Lebanese group Hezbollah and its ally the Amal movement said Saturday they were ready to return to government meetings after three months of political deadlock that has exacerbated the country’s economic crisis.

“We announce our agreement to participate in cabinet meetings to approve the national budget and discuss the economic rescue plan and all that concerns improving the living conditions of the Lebanese,” the two Shiite movements said in a joint statement.

Lebanon’s government was formed in September after a 13-month political impasse.

But it has not met since October 12 due to a boycott by Hezbollah and Amal amid tensions over an investigation into a catastrophic explosion at Beirut’s port in 2020.

Hezbollah and Amal said Saturday’s decision was a “response to the needs of the citizens”, citing “the collapse of the Lebanese pound’s exchange rate, the decline of the public sector” and crumbling incomes and purchasing power.

The country is in the throes of an economic meltdown that the World Bank has said is likely among the world’s worst since the mid-19th century.
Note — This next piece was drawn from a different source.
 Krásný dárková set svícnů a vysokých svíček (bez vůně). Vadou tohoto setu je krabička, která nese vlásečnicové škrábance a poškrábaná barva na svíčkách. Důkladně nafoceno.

About 80 percent of the population now lives in poverty and the local currency has shed more than 90 percent of its value on the black market.
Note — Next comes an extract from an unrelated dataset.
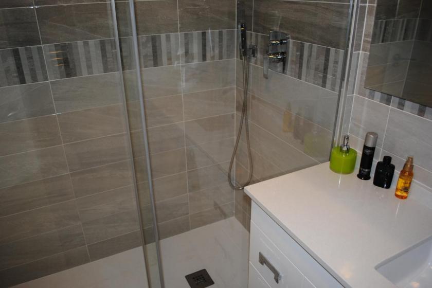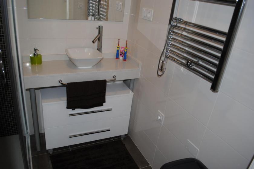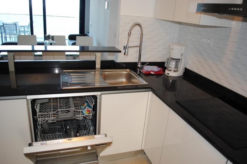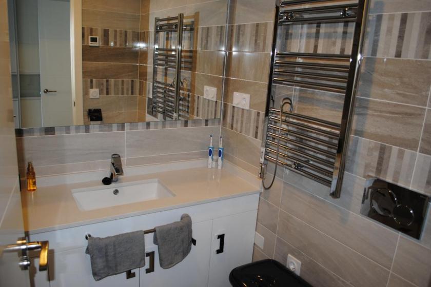 The apartment has a large living room furnished with dining table, leather sofas, two bedrooms with 1 x 2 + 2 x 1 sleeps. There is a LCD TV on the masterbedroom, 2 bathrooms with walk in shower + shower facility, air conditioning, LCD TV with international channels and WIFI. The open kitchen is fully equipped with the necessary facilities, such as as dishwasher. There is also hot-water heating which ensures a comfortable indoor climate in the winter months.

Reacting to the parties’ announcement, Prime Minister Najib Mikati said he would convene a cabinet meeting as soon as the finance ministry had sent through a draft budget.

The two groups had been boycotting cabinet sessions in objection to the judge tasked with investigating the August 2020 port blast, Tarek Bitar, demanding he be replaced.

The explosion of a shipment of ammonium nitrate fertilizer stored haphazardly in a port warehouse for years killed at least 215 people and disfigured the capital.

Efforts by Bitar to interrogate ex-ministers have been challenged with lawsuits, while Hezbollah and Amal have accused him of politicizing the probe.

Families of the victims and survivors of the blast have grown increasingly angry and have accused politicians of seeking to hamper the investigation to escape accountability.

Lebanese President Michel Aoun in late December called for an end to the government boycott, implicitly criticizing his ally Hezbollah for blocking the cabinet meetings.